··· Information provided

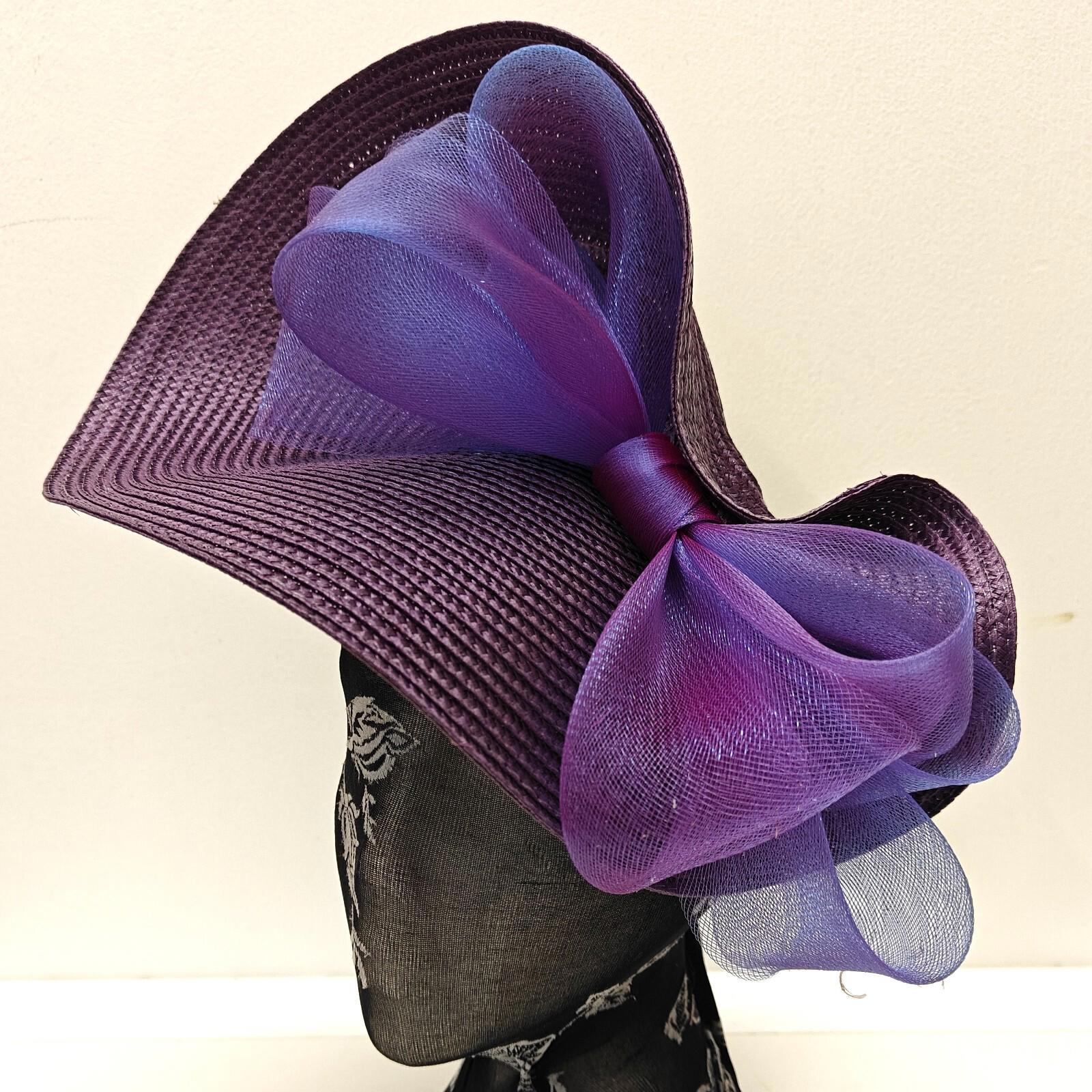 dark purple large straw fascinator millinery burlesque headband wedding hat bow
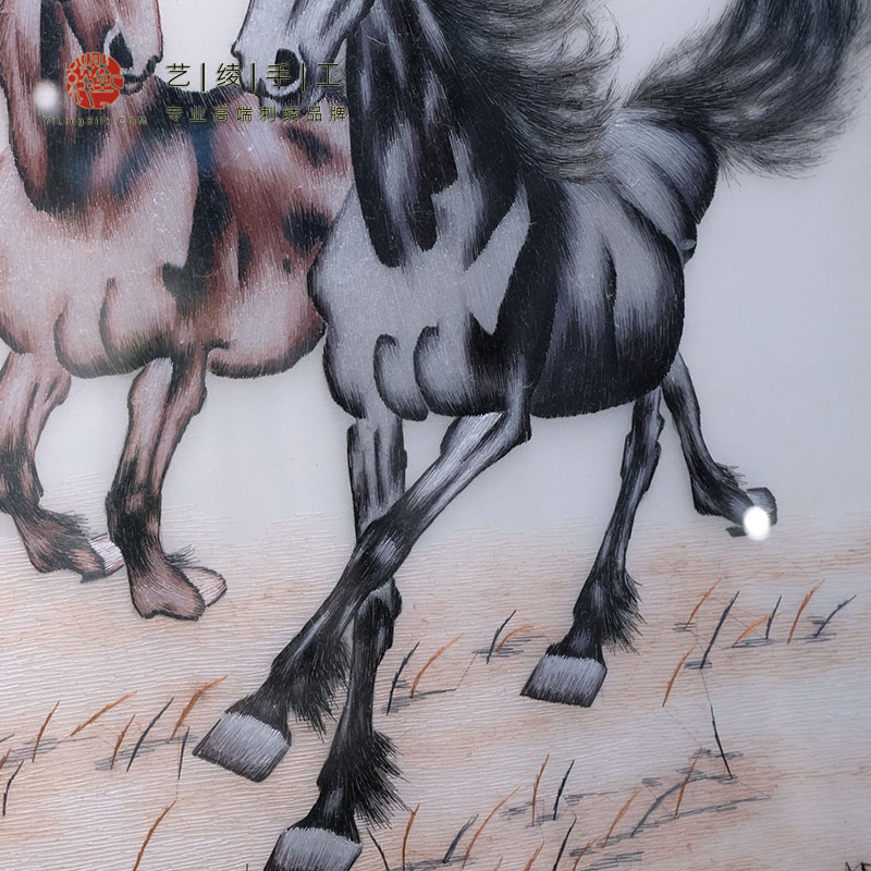艺绫手工刺绣新中式 饰挂画客厅玄关马到成功奔马骏影图 现代苏绣装
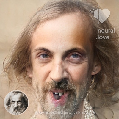 У него так борода kак-то не так выглядет, и нейросеть решила, что мендееву надо сломать передний зуб. Еще ему жемчужное или какое ожерелье пририсовала

······

Task item. In the printed copy, the material above must appear unchanged and without its pictures.

Answer below.
 dark purple large straw fascinator millinery burlesque headband wedding hat bow
艺绫手工刺绣新中式 饰挂画客厅玄关马到成功奔马骏影图 现代苏绣装
 У него так борода kак-то не так выглядет, и нейросеть решила, что мендееву надо сломать передний зуб. Еще ему жемчужное или какое ожерелье пририсовала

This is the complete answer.